> _Task description_
What are the lines, word for word, from the line with "今回の製品は、海に捨てられる" up to and including the line with "Trump,Vance,No" in the records below? Omit the pictures.

> _Data extracts_

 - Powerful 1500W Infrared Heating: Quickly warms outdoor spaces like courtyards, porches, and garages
* * *
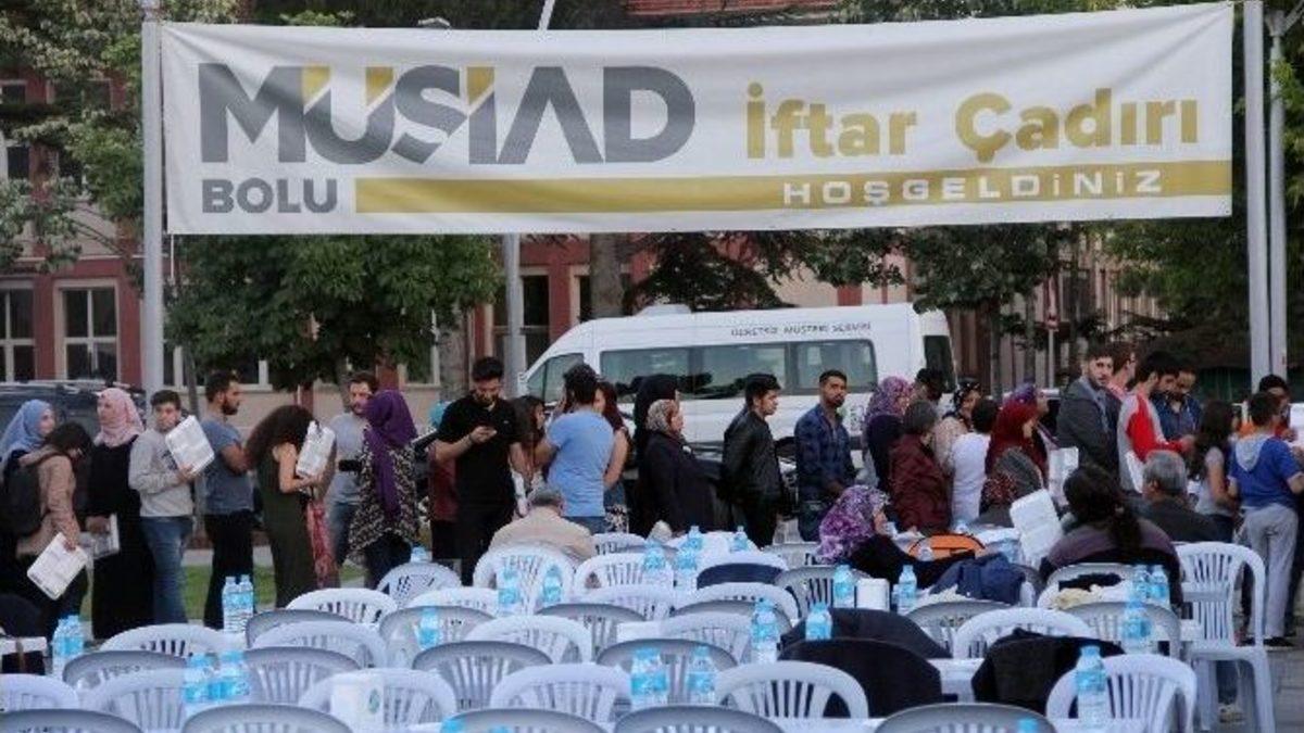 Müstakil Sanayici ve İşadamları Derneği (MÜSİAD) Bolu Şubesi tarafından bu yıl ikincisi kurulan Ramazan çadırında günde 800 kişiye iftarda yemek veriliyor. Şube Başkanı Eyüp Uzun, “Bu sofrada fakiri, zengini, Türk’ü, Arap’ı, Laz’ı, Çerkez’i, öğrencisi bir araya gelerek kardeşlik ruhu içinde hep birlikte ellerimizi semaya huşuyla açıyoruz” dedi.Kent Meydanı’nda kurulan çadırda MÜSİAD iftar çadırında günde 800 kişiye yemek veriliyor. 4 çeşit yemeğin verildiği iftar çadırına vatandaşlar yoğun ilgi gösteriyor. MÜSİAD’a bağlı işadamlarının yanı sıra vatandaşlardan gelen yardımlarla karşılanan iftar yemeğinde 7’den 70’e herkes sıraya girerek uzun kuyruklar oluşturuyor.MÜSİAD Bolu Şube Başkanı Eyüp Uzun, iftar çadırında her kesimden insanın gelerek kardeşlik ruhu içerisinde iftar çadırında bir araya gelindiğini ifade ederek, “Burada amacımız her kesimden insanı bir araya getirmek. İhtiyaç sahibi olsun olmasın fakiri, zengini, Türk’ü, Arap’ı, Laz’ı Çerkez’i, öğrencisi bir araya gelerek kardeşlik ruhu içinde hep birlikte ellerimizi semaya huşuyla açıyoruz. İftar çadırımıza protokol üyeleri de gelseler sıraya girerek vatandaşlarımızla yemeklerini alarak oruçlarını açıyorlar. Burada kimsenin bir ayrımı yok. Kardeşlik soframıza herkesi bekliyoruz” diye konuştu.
--
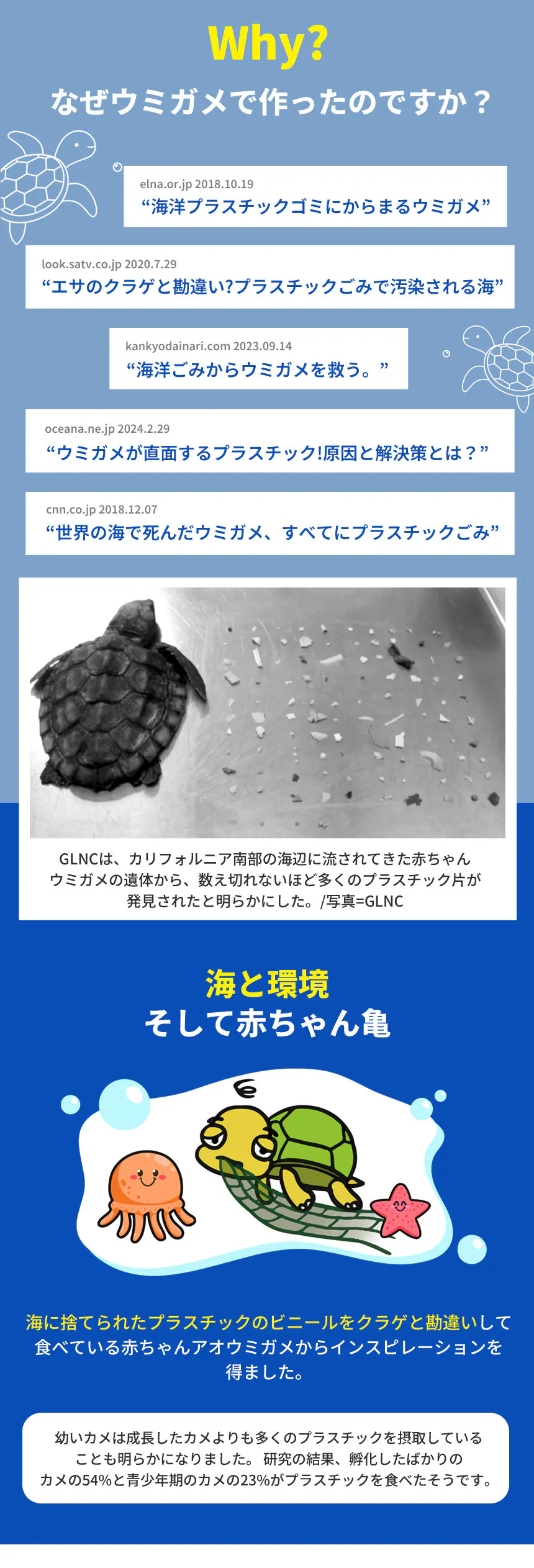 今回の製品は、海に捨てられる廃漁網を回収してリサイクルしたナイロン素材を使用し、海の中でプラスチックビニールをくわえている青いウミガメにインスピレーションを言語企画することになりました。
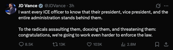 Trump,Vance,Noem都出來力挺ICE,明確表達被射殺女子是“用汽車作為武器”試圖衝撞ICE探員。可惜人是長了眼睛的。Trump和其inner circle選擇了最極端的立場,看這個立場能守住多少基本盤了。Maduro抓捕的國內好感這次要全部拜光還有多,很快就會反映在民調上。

> _Finished task_
 今回の製品は、海に捨てられる廃漁網を回収してリサイクルしたナイロン素材を使用し、海の中でプラスチックビニールをくわえている青いウミガメにインスピレーションを言語企画することになりました。
 Trump,Vance,Noem都出來力挺ICE,明確表達被射殺女子是“用汽車作為武器”試圖衝撞ICE探員。可惜人是長了眼睛的。Trump和其inner circle選擇了最極端的立場,看這個立場能守住多少基本盤了。Maduro抓捕的國內好感這次要全部拜光還有多,很快就會反映在民調上。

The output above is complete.